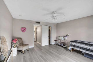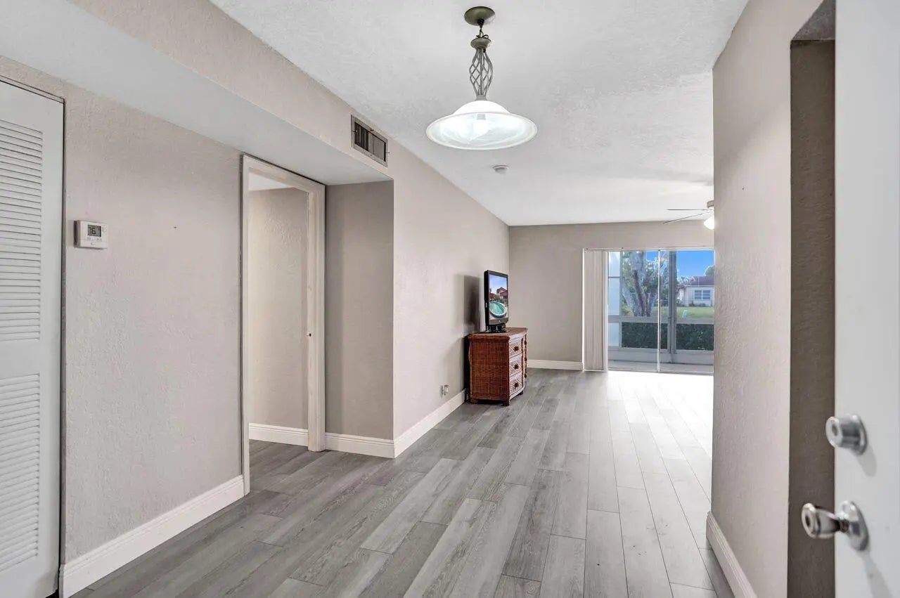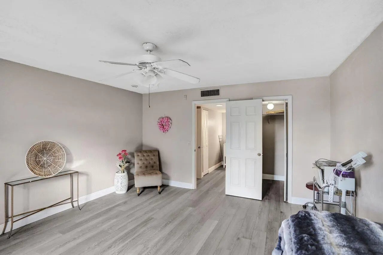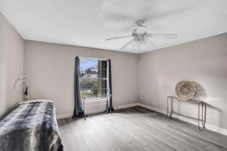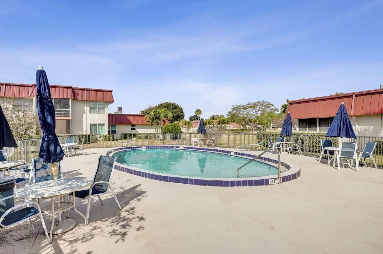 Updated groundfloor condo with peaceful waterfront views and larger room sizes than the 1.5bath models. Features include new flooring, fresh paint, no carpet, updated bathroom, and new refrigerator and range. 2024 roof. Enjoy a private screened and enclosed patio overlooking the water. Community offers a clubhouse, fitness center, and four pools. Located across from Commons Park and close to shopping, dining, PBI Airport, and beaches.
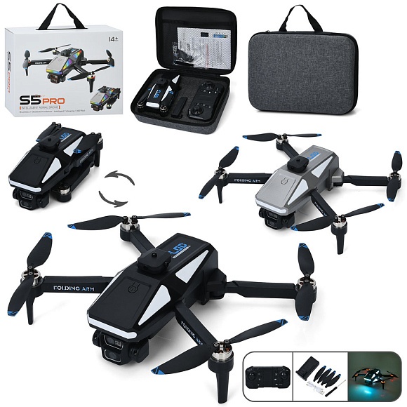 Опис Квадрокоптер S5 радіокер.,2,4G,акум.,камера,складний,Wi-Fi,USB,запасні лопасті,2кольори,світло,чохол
* * *
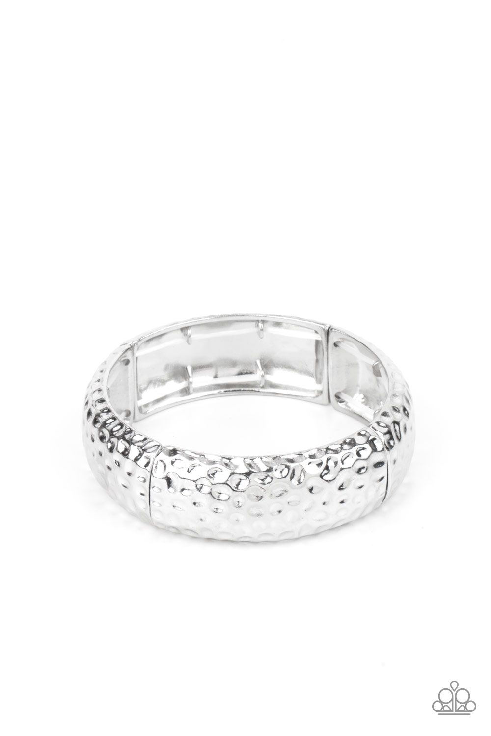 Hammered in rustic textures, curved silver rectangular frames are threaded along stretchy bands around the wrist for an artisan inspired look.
--
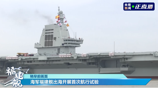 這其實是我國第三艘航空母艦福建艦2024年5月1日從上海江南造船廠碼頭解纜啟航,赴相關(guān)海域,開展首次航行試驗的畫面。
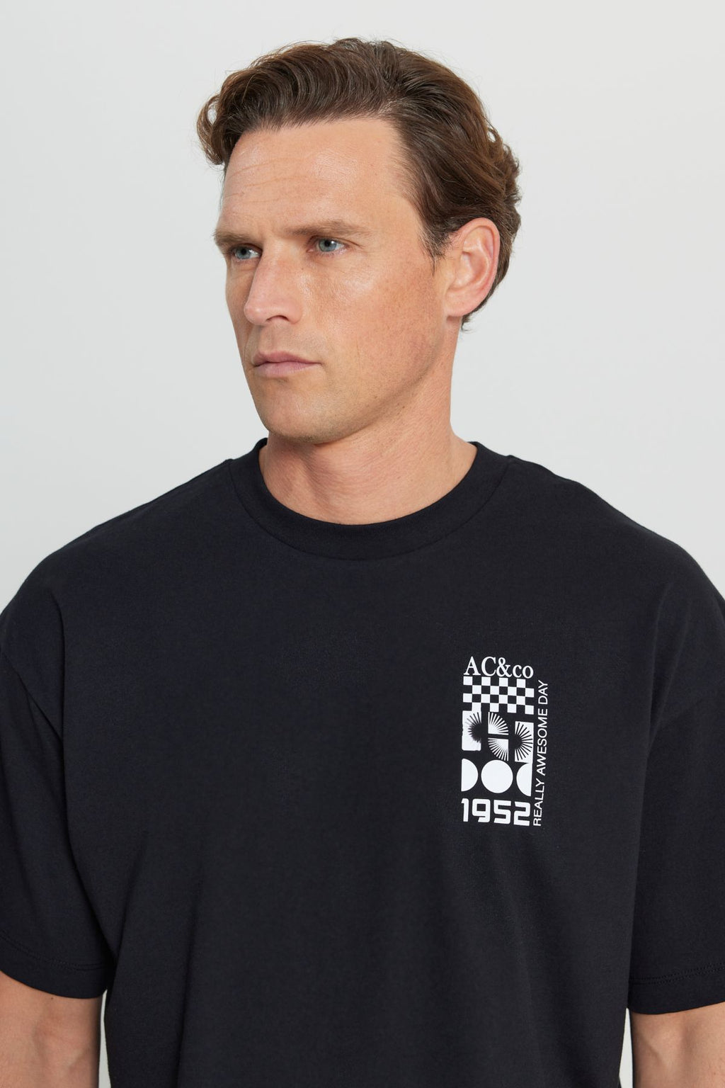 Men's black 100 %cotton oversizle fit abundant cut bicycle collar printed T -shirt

• [Exercise instructions]:
Within the listing above, print exactly the stretch beginning at the line that contains "這其實是我國第三艘航空母艦福" and finishing at the line that contains "Men's black 100", ends kept, pictures left out, and nothing more.

• [Answer section]:
 這其實是我國第三艘航空母艦福建艦2024年5月1日從上海江南造船廠碼頭解纜啟航,赴相關(guān)海域,開展首次航行試驗的畫面。
 Men's black 100 %cotton oversizle fit abundant cut bicycle collar printed T -shirt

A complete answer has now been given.